GhostPath — Trace the Web's Forgotten Trails

Meet GhostPath — your stealthy digital scout that uncovers hidden trails and forgotten footprints across the web, all without making a single sound. It’s the ultimate passive reconnaissance toolkit designed to reveal what others overlook.

Crafted especially for ethical hackers, bug bounty hunters, and red teams, GhostPath digs deep to expose historical URLs, shadowy subdomains, and elusive digital traces — leveraging only open-source intelligence (OSINT) methods.

Best of all? No API keys, no noisy scans, just pure silent discovery.

Fast, lightweight, and modular, GhostPath empowers you to illuminate your target’s hidden web presence with a single command — transforming reconnaissance into an art of subtle mastery.


Capabilities at a Glance

Passive Recon Subdomain Enumeration Historical URL Discovery No API Keys Required Python 3.7+ Supported OS License

Features

“Reconnaissance is the foundation of a secure attack and an effective defense.”
Atharv Yadav

Installation

# Clone the repository
git clone https://github.com/atharvbyadav/GhostPath.git
cd GhostPath

# (Optional) Create and activate a virtual environment
python3 -m venv venv
source venv/bin/activate   # On Windows: venv\Scripts\activate

# Install dependencies
pip install -r requirements.txt

Usage

python main.py --domain example.com

Replace example.com with your target domain.

Options

For full options, run:

python main.py --help

Project Structure

GhostPath/
├── fetchers/          # Modules to fetch data from different passive sources
│   ├── subdomains.py  # Subdomain enumeration logic
│   └── wayback.py     # Historical URL discovery from Wayback Machine
├── utils/             # Utility modules for deduplication, parsing, etc.
│   └── dedup.py       # Deduplication functions
├── main.py            # Main CLI entry point
├── requirements.txt   # Python dependencies
└── README.md          # Project documentation

Contributing

Contributions are welcome!

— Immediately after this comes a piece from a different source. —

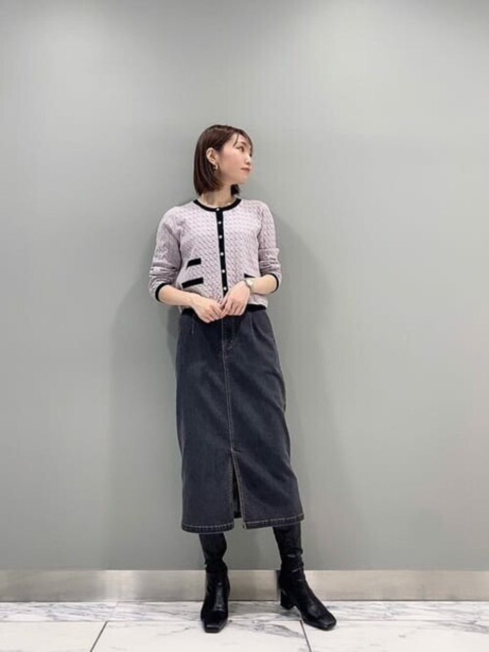 バイカラーの配色が羽織としても釦を留めて着ても映える♡ケーブル編みのカーディガンです! 今年らしいクラシカルなデザインなので、一枚あると着回しに重宝します! バイカラーの配色に馴染むタイトデニムスカートとブラックのブーツ合わせなら、 縦ラインをよりすっきり見せ大人っぽい仕上がりになります!
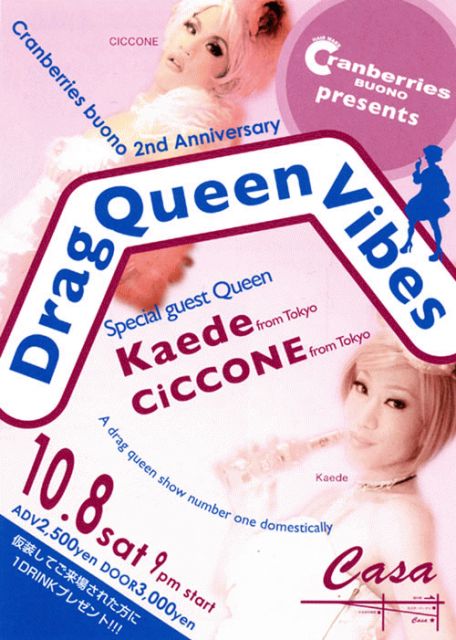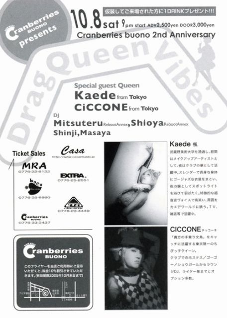 Cranberries buono 2nd Anniversary DragQueenVibes AVD 2500円 DOOR 3000円 仮装してご来場された方に1DRINKプレゼント!! Special Guest Queen Kaede from Tokyo CiCCONE from Tokyo DJ MITSUTERU(REBOOT ANNEX) SHIOYA(REBOOT ANNEX) Shinji,Masaya

Please open issues or pull requests for bugs, improvements, or new fetchers.

  1. Fork the repo on GitHub
  2. Create a feature branch (git checkout -b feature-name)
  3. Commit your changes (git commit -m 'Add some feature')
  4. Push to your branch (git push origin feature-name)
  5. Open a Pull Request on GitHub

License

This project is licensed under the BSD 3-Clause License — see the LICENSE file for details.